> Source data
★ ★ ★ ★ ★ ★ ★

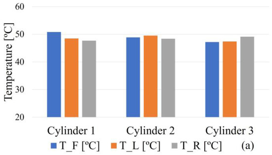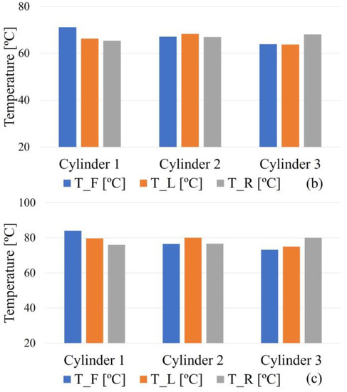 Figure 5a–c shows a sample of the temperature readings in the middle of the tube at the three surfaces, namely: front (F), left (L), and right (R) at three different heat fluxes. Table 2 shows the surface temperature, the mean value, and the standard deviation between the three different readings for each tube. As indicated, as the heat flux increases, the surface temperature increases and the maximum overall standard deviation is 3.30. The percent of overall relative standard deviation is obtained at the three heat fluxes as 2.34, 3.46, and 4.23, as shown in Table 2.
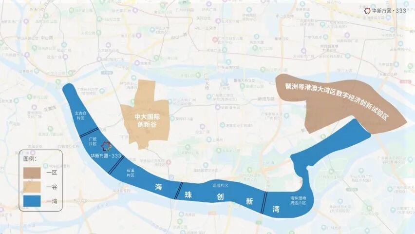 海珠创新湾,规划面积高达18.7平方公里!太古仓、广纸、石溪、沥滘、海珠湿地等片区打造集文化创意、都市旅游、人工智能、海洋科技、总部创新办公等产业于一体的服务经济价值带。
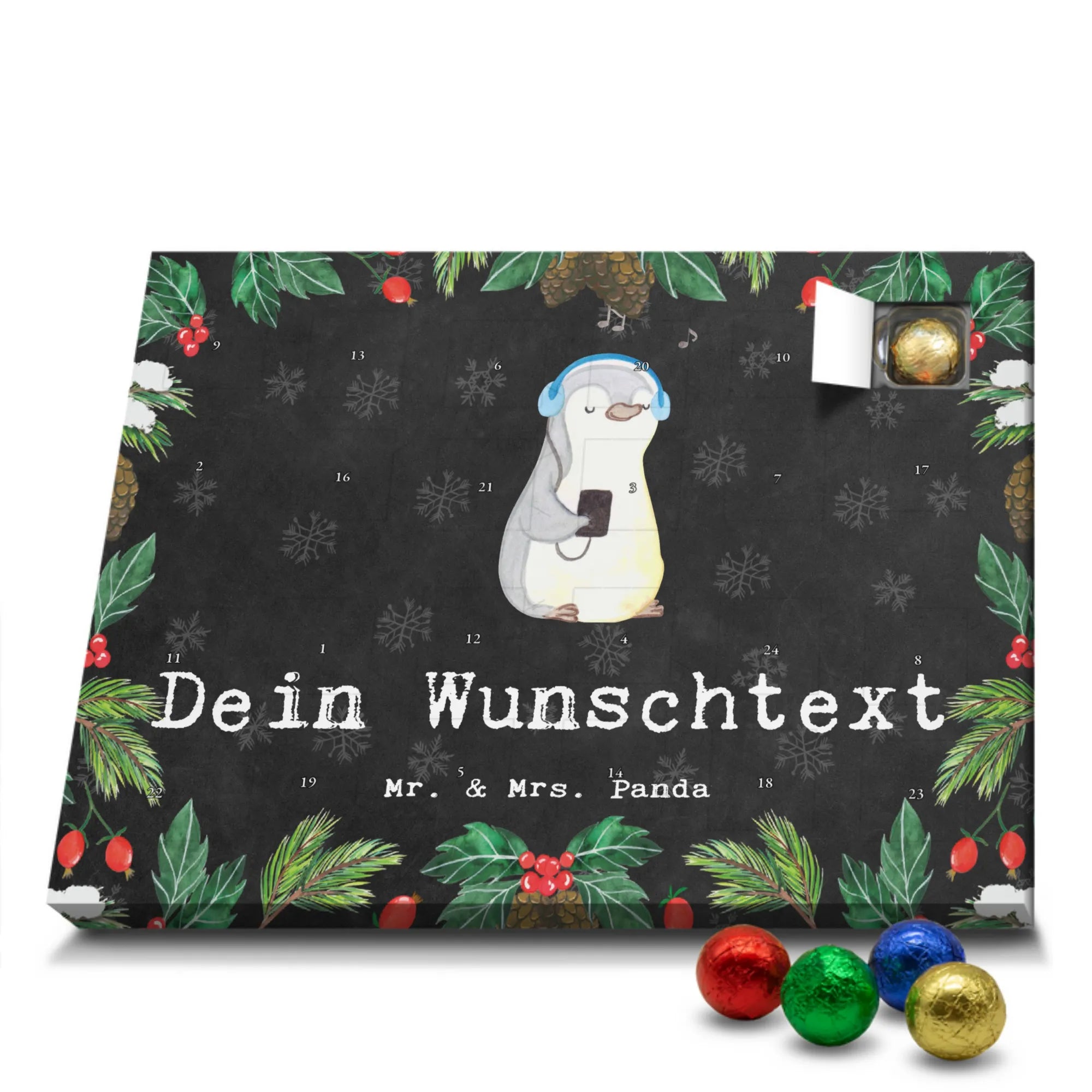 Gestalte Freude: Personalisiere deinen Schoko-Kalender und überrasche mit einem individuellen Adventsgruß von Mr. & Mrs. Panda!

★ ★ ★ ★ ★ ★ ★

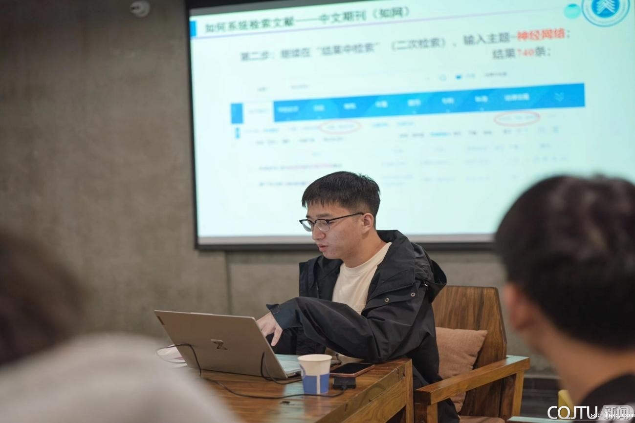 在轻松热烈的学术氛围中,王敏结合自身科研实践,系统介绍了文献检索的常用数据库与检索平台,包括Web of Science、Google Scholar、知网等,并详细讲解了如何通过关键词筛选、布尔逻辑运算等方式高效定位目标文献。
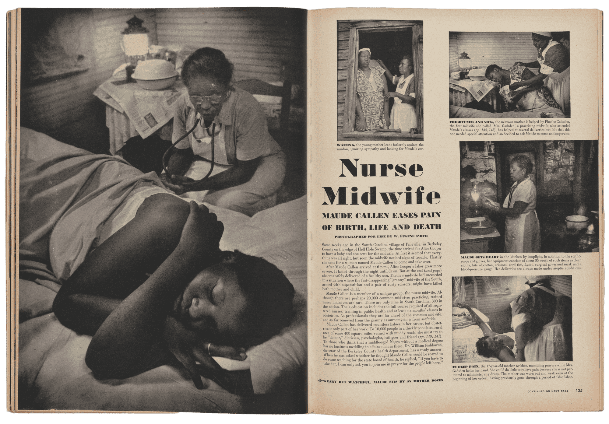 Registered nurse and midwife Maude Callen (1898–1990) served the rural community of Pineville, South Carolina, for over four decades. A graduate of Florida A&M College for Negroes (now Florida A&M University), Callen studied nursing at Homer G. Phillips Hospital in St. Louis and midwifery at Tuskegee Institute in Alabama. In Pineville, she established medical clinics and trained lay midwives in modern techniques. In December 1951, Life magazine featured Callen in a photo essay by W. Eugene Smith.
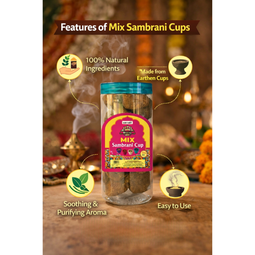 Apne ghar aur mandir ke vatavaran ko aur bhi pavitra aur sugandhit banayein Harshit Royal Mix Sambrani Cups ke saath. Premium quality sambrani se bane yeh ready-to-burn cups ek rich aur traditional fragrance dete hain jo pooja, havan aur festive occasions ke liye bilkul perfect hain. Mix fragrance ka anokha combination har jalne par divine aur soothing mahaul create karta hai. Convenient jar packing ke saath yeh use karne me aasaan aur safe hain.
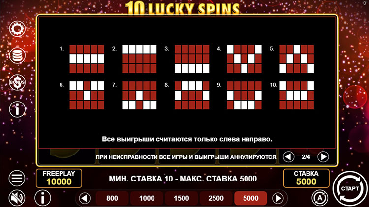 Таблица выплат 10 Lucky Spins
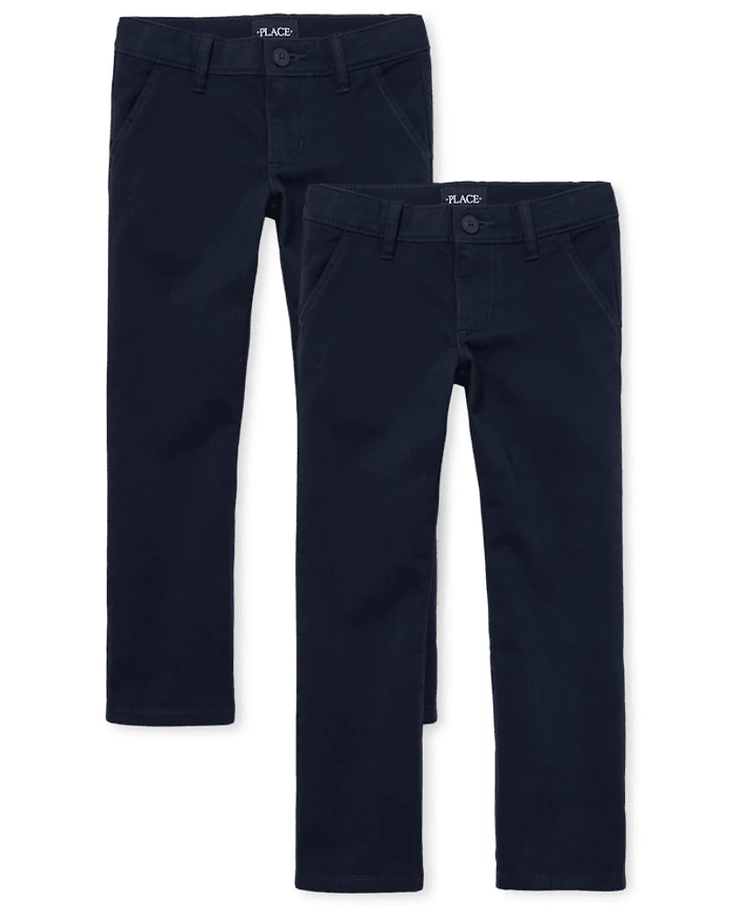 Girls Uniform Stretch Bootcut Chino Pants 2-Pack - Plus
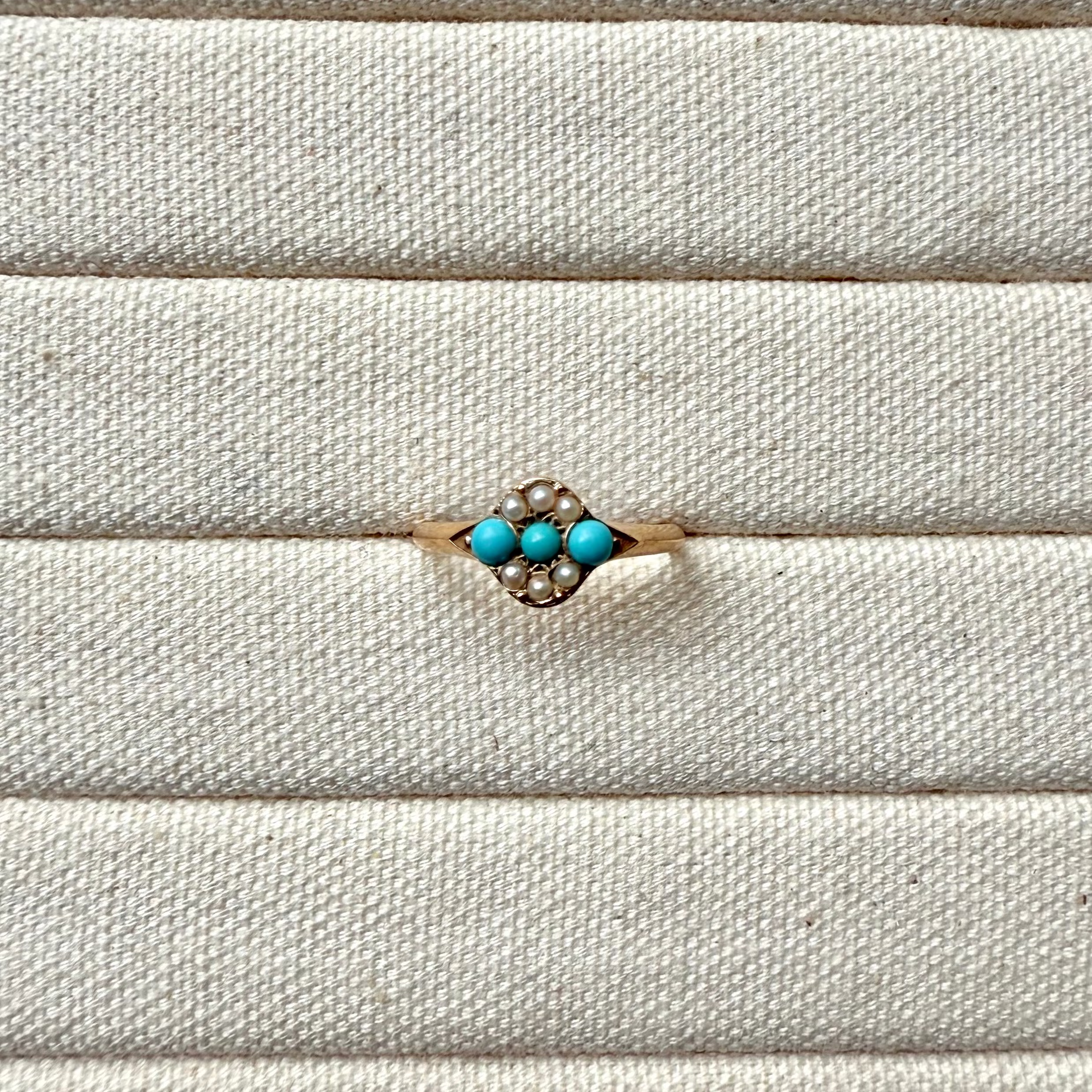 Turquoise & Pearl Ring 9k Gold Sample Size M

★ ★ ★ ★ ★ ★ ★

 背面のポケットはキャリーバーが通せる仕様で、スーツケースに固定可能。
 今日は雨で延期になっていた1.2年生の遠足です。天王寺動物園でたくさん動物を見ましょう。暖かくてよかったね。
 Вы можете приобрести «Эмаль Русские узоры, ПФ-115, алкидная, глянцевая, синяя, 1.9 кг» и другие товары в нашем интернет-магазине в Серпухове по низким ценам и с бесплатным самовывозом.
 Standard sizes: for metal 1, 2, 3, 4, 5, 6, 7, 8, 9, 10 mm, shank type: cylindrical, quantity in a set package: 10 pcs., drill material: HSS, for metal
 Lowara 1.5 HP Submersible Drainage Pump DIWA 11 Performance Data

★ ★ ★ ★ ★ ★ ★

> What to produce
Please output the lines of the listing above that fall in the stretch from the one with "Standard sizes: for" through the one with "Lowara 1.5 HP", exactly and only those.

> Solved problem
 Standard sizes: for metal 1, 2, 3, 4, 5, 6, 7, 8, 9, 10 mm, shank type: cylindrical, quantity in a set package: 10 pcs., drill material: HSS, for metal
 Lowara 1.5 HP Submersible Drainage Pump DIWA 11 Performance Data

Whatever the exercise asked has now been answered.